A program in early childhood development can prepare graduates to help children start their academic careers with the right mindset. Common career options include working as a preschool, kindergarten or grade school teacher. Read about this program, as well as get career information.

Schools and Programs

Some schools and programs for young children might require only a high school diploma or some college education, such as an associate degree. However, public schools typically require a bachelor's degree in early childhood development. In a bachelor's program, students participate in coursework and supervised classroom practicums. Some schools also offer completion programs online for students who have taken general education and prerequisite courses. Many of these programs (both on-campus and online) include coursework that fulfills requirements for mandatory state licensure. Within the program types outlined below, students can find tracks focusing on pre-k and kindergarten teaching, as well as preparation for careers outside of teaching.

Programs At a Glance

Programs Program Levels Prerequisites Class Format
Early Childhood Development Bachelor's degree completion 120 quarter credits from a community college Online
Early Childhood Development and Education Bachelor's, master's and doctorate Undergraduate degree is required for graduate degree programs On-campus

Adult Education in Early Childhood Development Program Courses

Early childhood development bachelor's degree programs usually include several early childhood education courses. Others offer specializations for prospective teachers and those interested in working with children in a non-academic field, such as counseling or social work. Some programs additionally prepare graduates to work in special education. Some sample courses students may encounter in a program include child psychology, child observation, children's literature, elementary math, science, language arts and social studies, special education, early childhood assessment, child and family development theory, curriculum development, cultural diversity, and health, safety and nutrition.
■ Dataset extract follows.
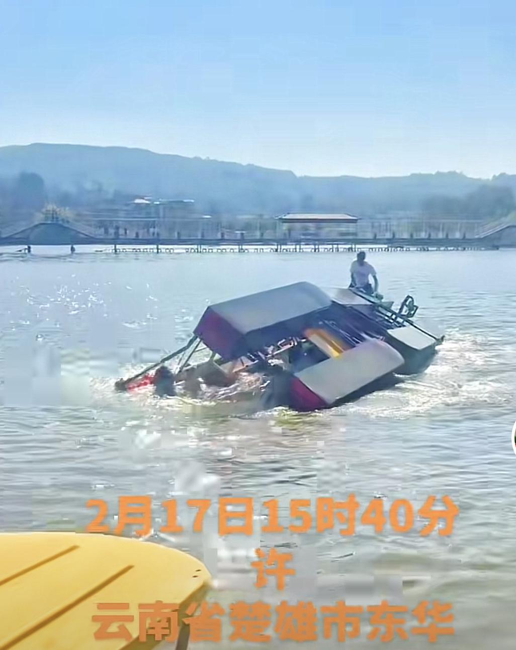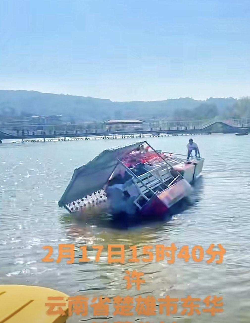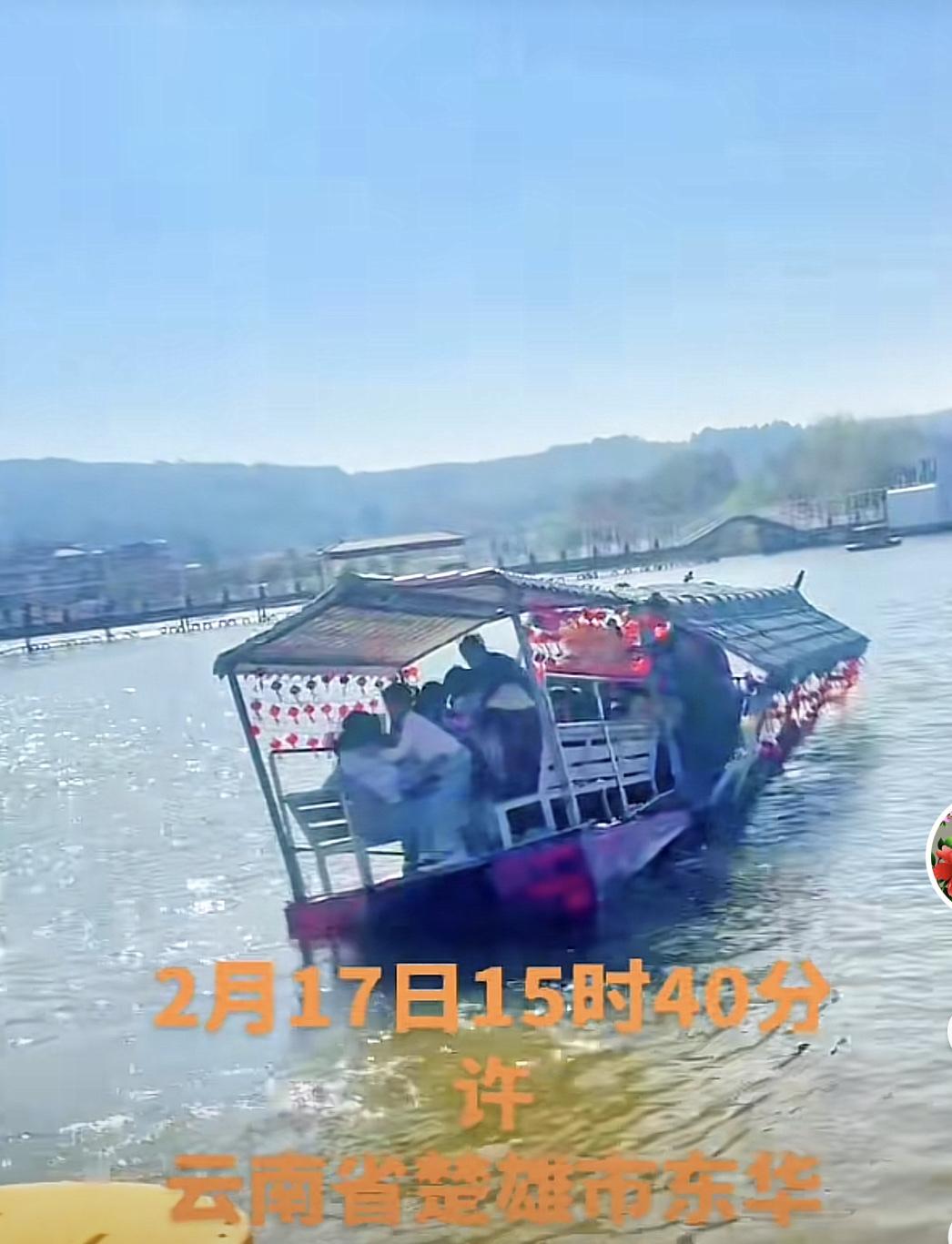 云南楚雄游船翻覆事件: 游船有两段,开始时,仅前面一部分轻微向右倾斜,然后迅速

All programs designed to prepare graduates for licensure include classroom practicums. This work takes place in a real educational setting where the student, under the supervision of a mentor teacher, helps lead a preschool or kindergarten class. The time spent in these environments helps meet the state requirements for a teaching license.

Career Information

Most early childhood development teachers have a bachelor's degree, and some schools might require it. In addition, every state mandates licensure, which typically requires several hours of practical teaching experience. Some common careers for graduates include teachers, social workers, child program workers, and childcare specialists.
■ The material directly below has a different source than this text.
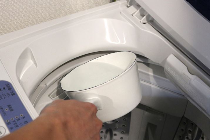 価格.com:お湯が洗浄力を高めてくれるんですね。漂白剤は、どのくらいの量を入れるのですか?

Preschool teachers work with children who are at the age before kindergarten. Children have this opportunity to learn basic skills needed for further education. For example, the teacher may introduce concepts which help the children count by using blocks. In addition, they encourage language skills and group participation through story-telling and spoken word group games. Graduates may also pursue careers teaching kindergarten through the third grade.

Job Outlook and Salary Information

According to the U.S. Bureau of Labor Statistics (BLS), there will be a 7% job growth for preschool teachers over the decade spanning 2014 through 2024, while kindergarten and elementary school teachers will experience similar, average growth of 6% during that period. As of May 2014, median annual earnings for preschool teachers (except special education) was $28,120, while kindergarten teachers (except special education) earned a much higher median wage of $50,600. Elementary school teachers (except special education) made a median wage of $54,120 according to the BLS.